Ty watched him with a furrowed brow, his face unreadable as his eyes followed the bits of bloody clothing to the floor. He snapped open his KA-BAR folding knife with a distinctive metallic clink as he stepped closer to the bed.
Pressing his lips together hard, Zane closed his eyes. It occurred to him that he just might need to be worried, but he made himself dismiss the thought. He wasn’t all that sure he trusted Ty, but he did trust him enough to think he wouldn't maim or kill him, given the chance. Grady had already had those chances.
Ty knelt on the bed beside him, surprisingly gentle as he tried not to jostle Zane too much, and he leaned to his side, putting his head beside Zane’s ear to get a better look at the glass fragments. “Going to have to dig for some of ’em,” he told Zane with that same gleefully anticipatory tone of voice he had used earlier.
“Go on,” Zane murmured tightly, not moving. It would hurt like hell, but it all had to come out. At least the damage wouldn’t require surgery this time. He would have sighed at Ty’s seeming enjoyment, but it would have required him to move.
Ty didn’t touch him for several moments, just hovered next to him on the bed peering over the wounds quietly. Finally, he moved, the rustle of his clothing and the slight dip in the bed the only indication that he was even still there. A moment later cold steel touched the skin of Zane’s nape. Once, twice, three times in rapid succession, merely brushing over the skin as if Ty were touching the side of the blade to his skin experimentally and then raising it again. The movement was repeated several more times, the only sound a swish of cotton and the tinkle of glass shards being deposited into Ty’s hand after every three or four flicks of the knife.
Zane’s eyes squeezed shut and his fingers curled in the bedspread, but otherwise he didn’t move or make a sound.
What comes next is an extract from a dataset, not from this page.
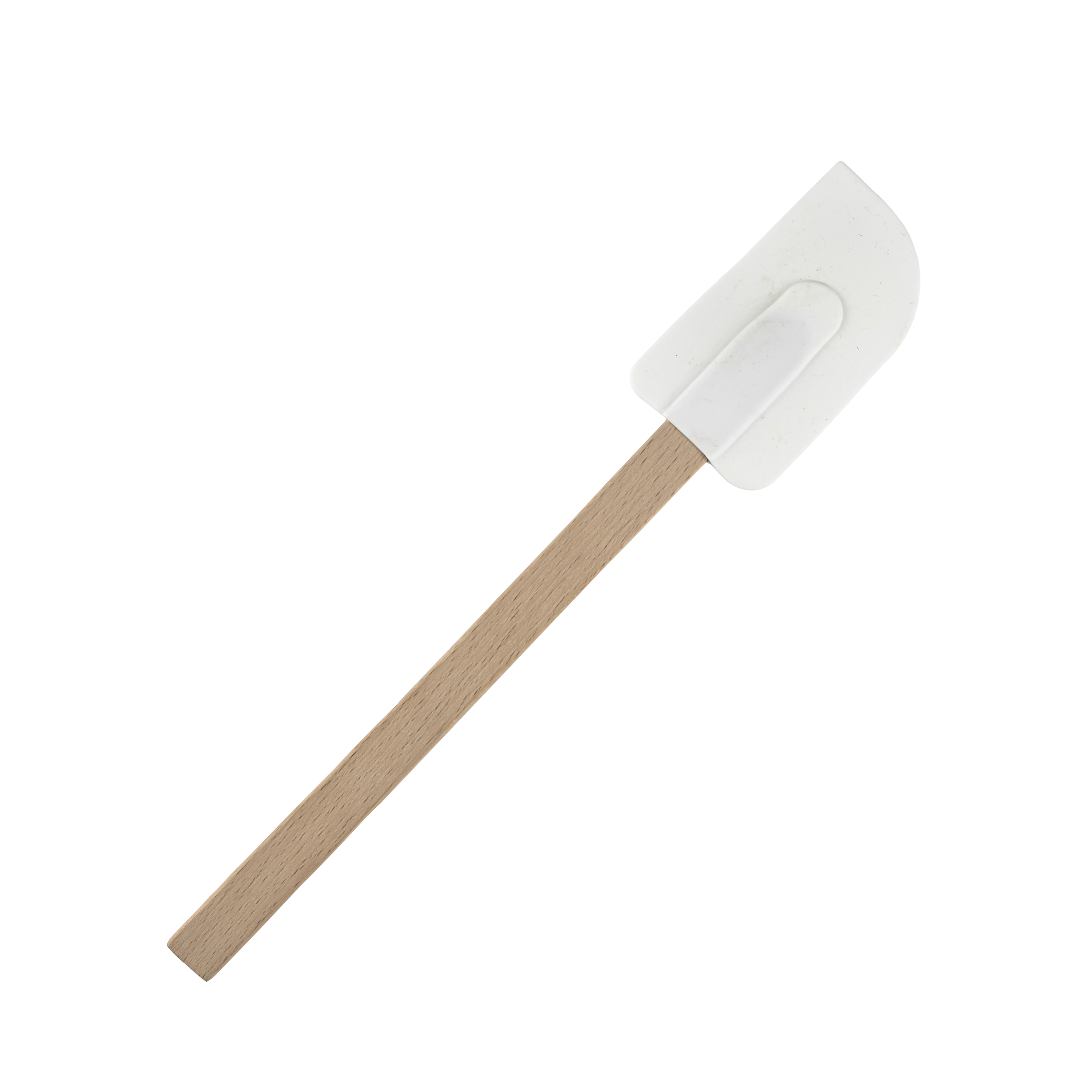 30 cm lang dejskraber med skaft i ubehandlet bøgetræ og skrabelæder i silikone. Brug dejskraberen til at tømme fade og skåle helt, så intet går til spilde, eller til at sprede fyldet jævnt ud i en form og dekorere kager. Håndopvask anbefales.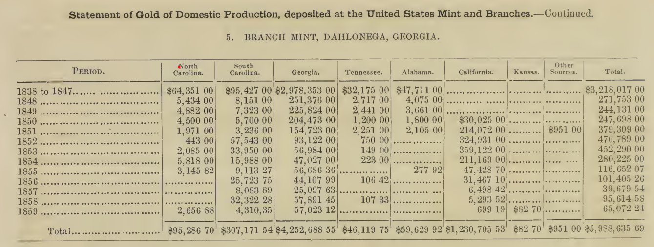 The story was a bunch of miners left Dahlonega for California in search of greener pastures. After finding some California gold, some came back to Dahlonega brining their gold with them. According to the sources I have read to peak year for submitting California gold at the Dahlonega Mint was 1853. The mintage for $5 gold coins seems to support the fact that gold was coming from more sources in addition to the Dahlonega area goldfields.

He was breathing shallowly to keep his back still, and he thought after this a good, angry fit was in order.
Some of the glass felt like pins being removed as Ty scraped, just little pricks.
Other times he felt the knife cut in, and his breathing stilled as he felt the glass pry loose, leaving a tiny gouge behind.
“When I was in the service they had us testing this stuff,” Ty told him in a conversational manner as he saw the muscles in Zane’s back bunch with tension. “It was called Dragon Skin Body Armor. They wanted us to see how far it could go, you know, before it would give in. Put it through the wringer.
And since we were these crazy-ass Recon boys with a bit of a reputation for destroying government property, they figured we’d be perfect to do it. Well, we took that shit everywhere with us. Threw it out of planes, planted landmines under it, tossed grenades at it, ran over it with a Humvee. My buddy and I even set it up on this pole once and launched a ground-to-air missile at it. God, that was funny as hell,” he mused with obvious fondness.